1. ## exsistance of inverse?

hello!

I am trying to work this out, not sure where to start even though the theorem appears intuitive! I thought I had proven it but then realised I has assumed the existance of an inverse!

For functions f,g and sets A, B

Given $f: A \rightarrow B$and $g: B \rightarrow A$ and $g \circ f = 1_A, f \circ g = 1_B$

where $1_A$ is the function $1_A(a) = a, \forall a \in A$

Then $f^{-1}$ exists and $g = f^{-1}$

To show the exsistance of an inverse requires that f is a bijection? not sure how to derive that from what is given.

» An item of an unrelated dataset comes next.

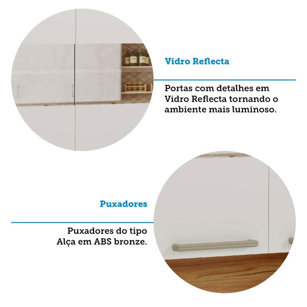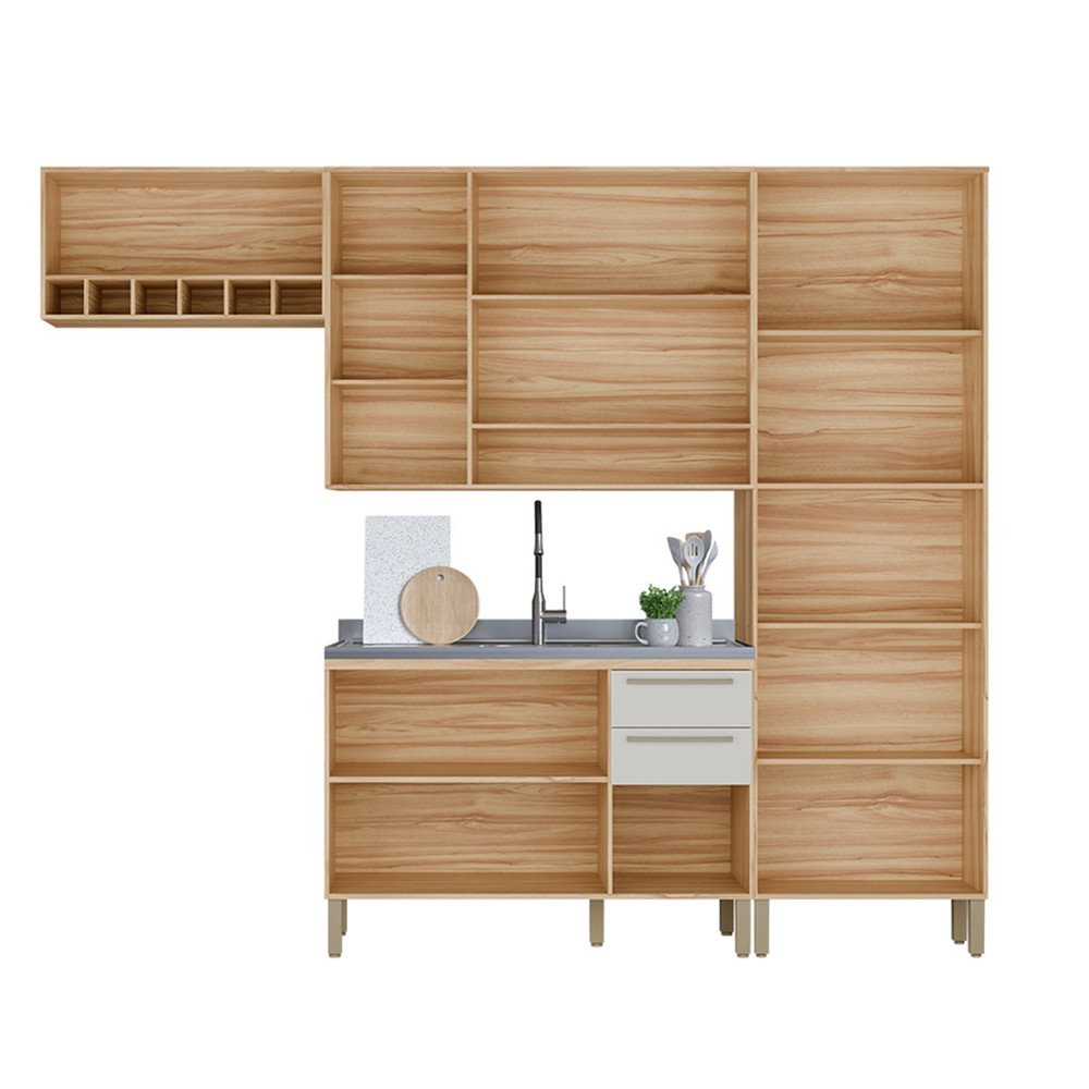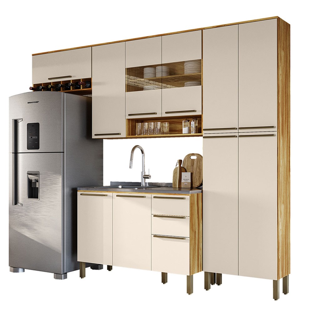 Armário de Cozinha Modulada com Balcão e Tampo 11 Portas 2 Gavetas Xangai 100% Mdf com Vidro Reflecta Amêndoa/Off White - Pnr Móveis

2. Originally Posted by matt.qmar
To show the existence of an inverse requires that f is a bijection?
No. f need not have a 1-1 correspondence. take $f(x) = c$ for some constant $c \neq 0$ The inverse would be $g= 1/c$

No. f need not have a 1-1 correspondence. take $f(x) = c$ for some constant $c \neq 0$ The inverse would be $g= 1/c$
No!

If $f(x) \equiv c, \ g(x) \equiv \frac{1}{c}$ for $c \ne 0$ then $f(g(x)) = f \left( \frac{1}{c} \right) = c$ (but it should equal x!) and for the same reason $g(f(x)) = \frac{1}{c}$.

@matt: By definition, a function has an inverse iff it is a bijection. You can try proving this here by contradiction (twice) - first suppose it is not injective and reach a contradiction, and then suppose it is not surjective and again reach a contradiction.

4. MacstersUndead, when talking about functions, the "inverse" always refers to the inverse function, the function g(x) such that f(g(x))= x and g(f(x))= x, NOT the "reciprocal". A constant function does NOT have an inverse.

5. aha, ok! so, (not via contradiction though),
for $m,n \in A$
Assume $f(m) = f(n)$
then $g \circ (f(m)) = g \circ (f(n))$
and since $g \circ f = 1_A$
then $1_A(m) = 1_A(n)$
implies $m=n$
since $m,n \in A$

So f is 1-1

Now to show it is onto,
for $b \in B$
$f(g(b)) = 1_B(b) = b$
so for each $b \in B$
there is a $g(b) \in A$
so for each $b \in B, \exists g(b) \in A$
such that $f(g(b)) = b$

(each element of B is mapped onto)

so f is onto,

so we know f is a bijection
so it has an inverse!

now... how do we show the inverse is equal to g?

thanks for the help everyone!!

6. What properties does an inverse function have?
What properties does g have?

7. Show that the inverse of f is the unique function such that $f(f^{-1}(x))= x$ and $f^{-1}(f(x))= x$. Since you are told that g has those properities, it [b]is[/b the inverse.

8. Originally Posted by matt.qmar
hello!

I am trying to work this out, not sure where to start even though the theorem appears intuitive! I thought I had proven it but then realised I has assumed the existance of an inverse!

For functions f,g and sets A, B

Given $f: A \rightarrow B$and $g: B \rightarrow A$ and $g \circ f = 1_A, f \circ g = 1_B$

where $1_A$ is the function $1_A(a) = a, \forall a \in A$

Then $f^{-1}$ exists and $g = f^{-1}$

To show the exsistance of an inverse requires that f is a bijection? not sure how to derive that from what is given.

1) From $g \circ f = 1_A$, g is acting as a left inverse of f and f is acting as a right inverse of g.
2) From $f \circ g = 1_B$, f is acting as a left inverse of g and g is acting as a right inverse of f.
So on the one hand, you can say g = $f^{-1}$, the unique two-sided inverse of f.
On the other hand, you can say f = $g^{-1}$, the unique two-sided inverse of g.